Tais micro-organismos são de crescimento lento, com um tempo de geração entre 2 e 3 dias à 35oC e, além disso, são dependentes das bactérias produtoras de ácidos, haja visto que a alta velocidade de crescimento das bactérias acidogênicas (2-3 horas à 35oC) gera uma sobrecarga de ácidos quando ocorre sobrecarga orgânica (MOSEY, 1982). A elevada geração de ácidos pode ocasionar em um abaixamento do valor de pH caso a alcalinidade não seja

33 suficiente para tamponar o sistema. Este pH fora da neutralidade afeta seriamente as metanogênicas que já são de crescimento lento. A elevação da geração de ácidos leva ao acúmulo da pressão parcial de hidrogênio, o que desencadeia o crescimento de organismos consumidores de hidrogênio (Ex. reações de produção de ácido propiônico) ou que produzem pouco hidrogênio (Ex. reação de produção de ácido butírico) levando a conversão da matéria orgânica em outros produtos que não os substratos diretos da metanogênese (ácido acético). Isso leva ao acúmulo de AGVs no meio, que tende a abaixar o pH e diminui, ainda mais, o crescimento das metanogênicas. Esse processo pode ocasionar na falha completa do sistema anaeróbio, caso seja concebido para produção de biogás.

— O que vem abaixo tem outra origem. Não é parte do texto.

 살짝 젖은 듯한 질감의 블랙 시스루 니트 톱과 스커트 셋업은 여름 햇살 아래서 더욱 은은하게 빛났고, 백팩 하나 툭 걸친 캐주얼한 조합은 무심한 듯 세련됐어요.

O metano também pode ser produzido por micro-organismos hidrogenotróficos a partir da redução de dióxido de carbono (equações (2.7)).

4 H2 + CO2 → CH4 + 2 H2O ∆Go = -33,9 kJ(2.7)

Nessa via de formação de metano o aceptor final de elétrons é o oxigênio combinado, na forma de CO2 dissolvido ou bicarbonato, e por isso é também conhecida como respiração anaeróbia. As arqueias metanogênicas hidrogenotróficas são de mais rápido crescimento (tempo de geração mínimo de 6 horas) e, além de contribuírem para produção de em média 30% do metano gerado, são responsáveis por regular a velocidade da degradação de propionato e butirato devido à quantidade de hidrogênio que fica disponível no meio (AQUINO; CHERNICHARO, 2005; MOSEY, 1983).

Os micro-organismos metanogênicos são muito suscetíveis às alterações ambientais, tais como variações bruscas de temperatura, oscilações de pH, aumento na concentração de ácidos orgânicos e presença de material tóxico no meio (SPEECE, 1996), como será detalhado na seção a seguir.